Required work
Using the records below, give again exactly the lines from the line that contains "Un toit vitré" through the line that contains "Befejeződött az ország", both ends included, and only those.

Task inputs

=======

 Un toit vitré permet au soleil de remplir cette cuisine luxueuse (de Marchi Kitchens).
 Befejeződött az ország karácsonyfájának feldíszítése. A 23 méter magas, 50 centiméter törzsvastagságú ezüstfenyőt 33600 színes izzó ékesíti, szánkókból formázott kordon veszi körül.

=======

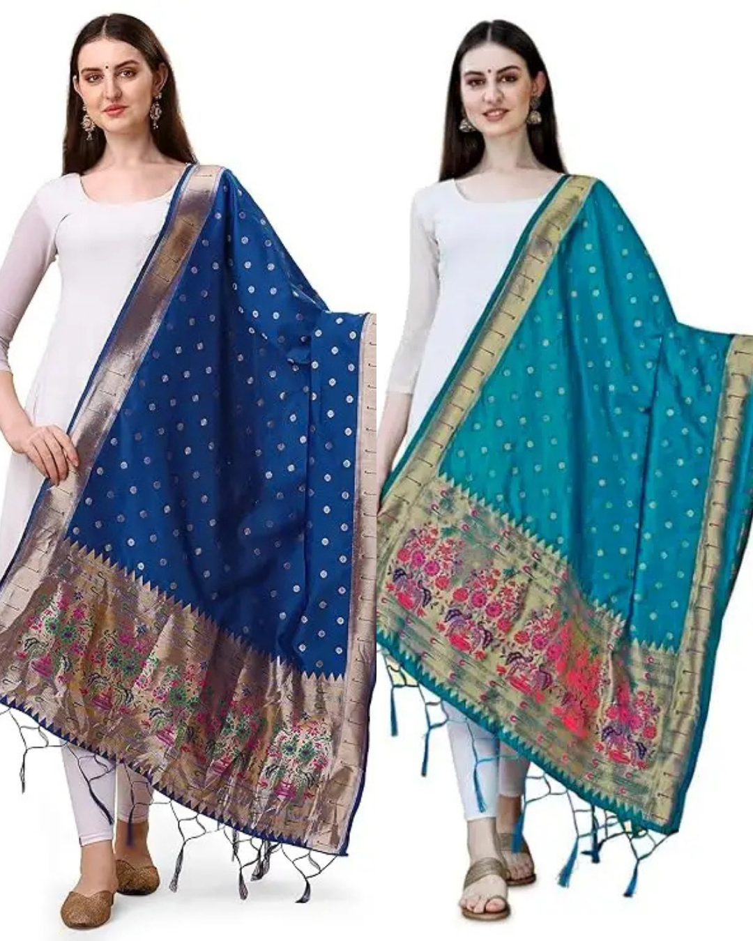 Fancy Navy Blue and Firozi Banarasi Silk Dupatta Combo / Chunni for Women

=======

Response for this exercise
 Un toit vitré permet au soleil de remplir cette cuisine luxueuse (de Marchi Kitchens).
 Befejeződött az ország karácsonyfájának feldíszítése. A 23 méter magas, 50 centiméter törzsvastagságú ezüstfenyőt 33600 színes izzó ékesíti, szánkókból formázott kordon veszi körül.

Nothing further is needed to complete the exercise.